One of the keys to such a risk-adaptive system such as Fuzzy MLS is coming up with values which can be used to quantify the subject/object gaps and perform risk trade-offs. I suggest that two types of values be assigned to cover two scenarios: 1) for access control scenarios, the value of an asset to the organization could be applied; and, 2) for attack scenarios, the value of an asset to an attacker could be applied. In the former case, the value of an asset can be established through well-known processes such as business impact analysis, where the levels of confidentiality, integrity and availability can be ascertained and translated into economic terms.

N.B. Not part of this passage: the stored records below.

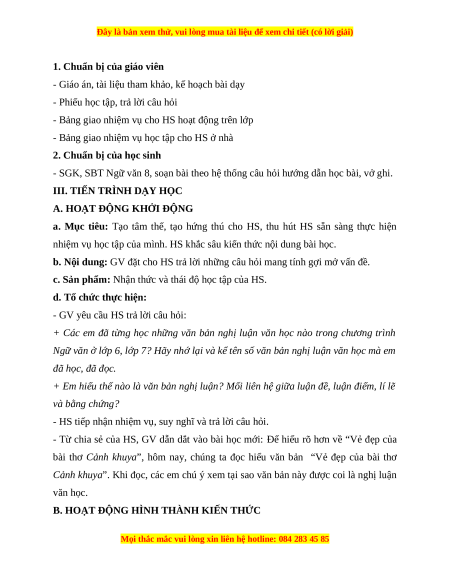 Bộ giáo án Ngữ văn 8 Cánh diều đã cập nhật đủ Cả năm.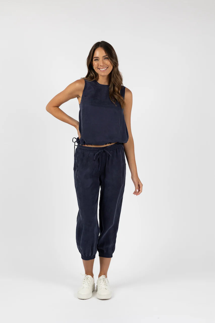 Experience ultimate comfort in the HUMIDITY MILANO PANT NAVY. These relaxed jogger-style pants feature a roomy fit, ¾ length, and an elasticized waist with a draw cord for the perfect fit. Made from durable Cupro fabric that feels and looks like silk, these pants also have functional side pockets and faux back pockets. Perfect for any occasion.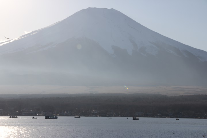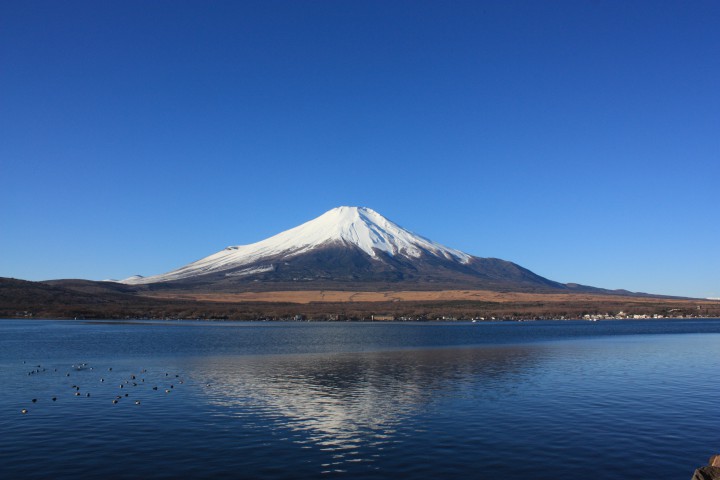 朝8時、長池地区親水公園から富士山を撮りました。早朝や夕方でなくても綺麗な富士山がいつでも山中湖からは写真が撮れます。時間によって様々な表情をもつ富士山を山中湖で楽しんで下さい。お勧めは早朝の紅富士です。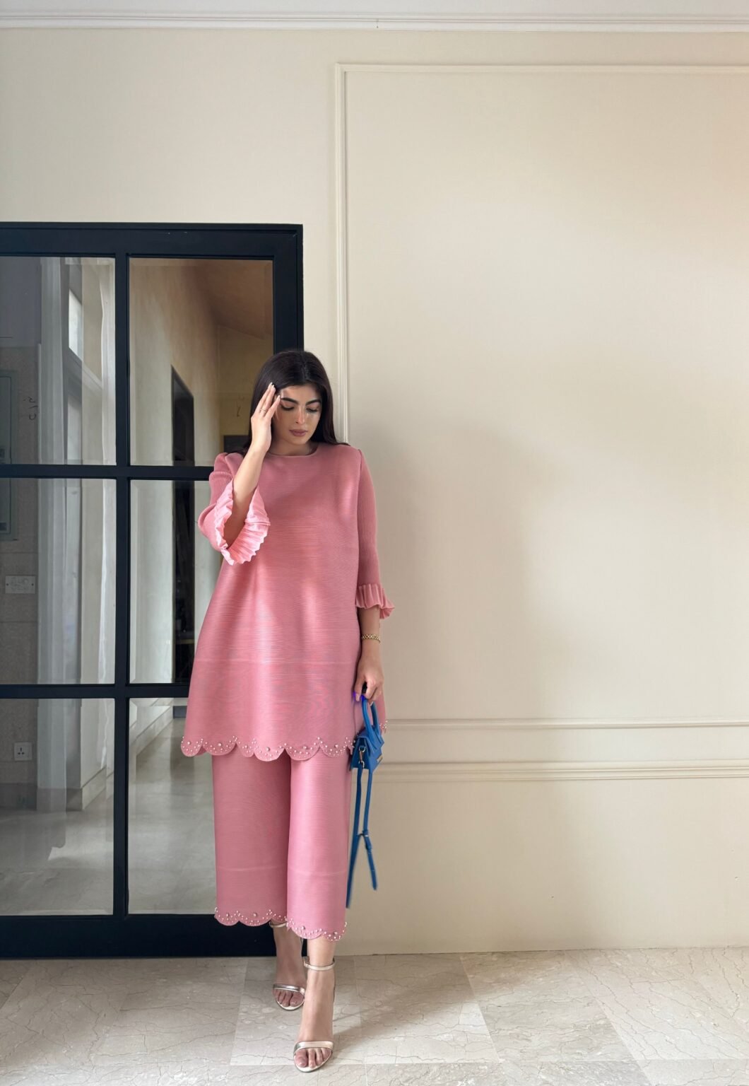 Disclaimer: We try our best to ensure that the colours viewed on the website are an exact representation of the actual colour of the outfit. However, there may be minor variations due to a number of factors such as the nature of fabric dyes, weather at the time of dyeing, and differences in display output due to lighting, digital photography, colour settings, and monitor capabilities. Variations may occur in the fabric pattern, laces, patchwork, and handmade detailing compared to the original sample.Elevate your style with this stunning studded co ord set, crafted from premium pleated rayon and featuring intricate embellishments on hem and pants. With a delicate frill detailing on the sleeves. Making it a perfect choice for evening events.

In the latter case, a different approach is needed as a seemingly worthless piece of data from an organizational perspective might be extremely valuable to an attacker to profile and phish a target. This attacker view of an asset value requires intelligence about how attackers rate and target your assets.

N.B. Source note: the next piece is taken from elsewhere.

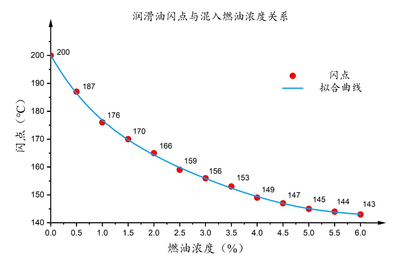 根據(jù)實(shí)驗(yàn)結(jié)果,可以發(fā)現(xiàn)潤(rùn)滑油中柴油含量越多,閃點(diǎn)越低。這是由于潤(rùn)滑油的閃點(diǎn)通常在200℃以上,柴油的閃點(diǎn)一般在45℃~120℃之間,少量低沸點(diǎn)雜質(zhì)混入將大幅降低高沸點(diǎn)物質(zhì)的閃點(diǎn)[1]。同時(shí)通過(guò)測(cè)試數(shù)據(jù)可以建立潤(rùn)滑油稀釋模型,當(dāng)?shù)玫轿粗獫?rùn)滑油樣品的閃點(diǎn)值后,利用模型可以判斷油樣是否已被污染,并定量分析其受污染程度。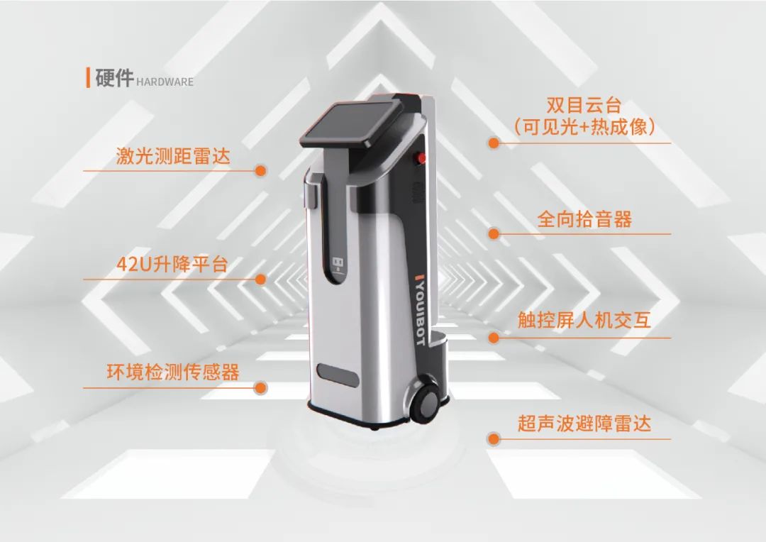 AI⾃主深度学习+机器视觉算法优艾智合机房巡检机器⼈基于边缘⼈⼯智能计算平台,可进⾏AI⾃主深度学习。在机器视觉算法的配合下,智能巡检机器⼈在每次巡检时通过摄像头对机柜的指示灯、仪表盘、液晶⾯板、开关等元件进⾏监测和学习积累,不断提升识别的准确率。当发现有设备状态异常时,机房巡检机器⼈会第⼀时间通过后台告警、短信、邮件等多种⽅式通知运维⼈员,并⾃动引导运维⼈员到相应机柜进⾏处理。动环监测温湿度检测:主要检测机房内温度和湿度,保障机房内设备在符合标准的情况下运⾏。噪声检测:主要检测来⾃机房内服务器和⾼速运转设备的噪声,即时检测硬件设备运⾏的情况。异味检测:主要检测电缆电线燃烧前挥发的烟雾和毒性⽓体,提前预防对硬件设备造成的腐败,特别是机房内服务器、UPS配电柜等。空⽓质量检测:主要⽤来检测机房内空⽓中的粉尘浓度,降低电路与元器件绝缘性能和腐蚀电路板缩短设备寿命,防⽌堵塞防尘⽹,影响IT设备散热效率。业务监控全⾯告警:从日常运维中实现对IT基础设施的实时监控、故障管理、性能分析及配置优化,从根本上确保业务的健康稳定运行,进一步提高网络支撑环境的运营质量,采用有效的维护手段,为业务的发展提供强有力的支撑和技术保障。设备盘点资产盘点:设备视觉盘点任务⽀持⽴即巡检和每⽇盘点⼀次的模式,主要针对设备的异常移⼊移出;当发现变化时,机器⼈与软件平台联动,及时发出声光告警并通知运维⼈员,形成盘点数据报表。智能迎检⽀持⼈脸识别身份验证,⻔禁控制,六⻨克⼈机交互,引导⼈员进⼊指定⼯作地点,定点语⾳讲解功能,在线实时对讲功能。

The perishability or shelf life of an asset should also be determined. In this way you can adaptively change protections over a time span when the value of the asset changes – e.g., M&A plans have a relatively short shelf life and access protections need to increase around these plans during that time period. In the same regard, a vulnerability can be considered an asset from an attacker’s perspective that has a shelf life. In contrast, detections against weaponizer artifacts are defender assets that have a very durable shelf life.

To conclude, risk-adaptive cyber defenses can help in the prioritization and selection of courses of action by instantiating economic principles that reflect the true mission impact of a course of action mitigation or remediation action.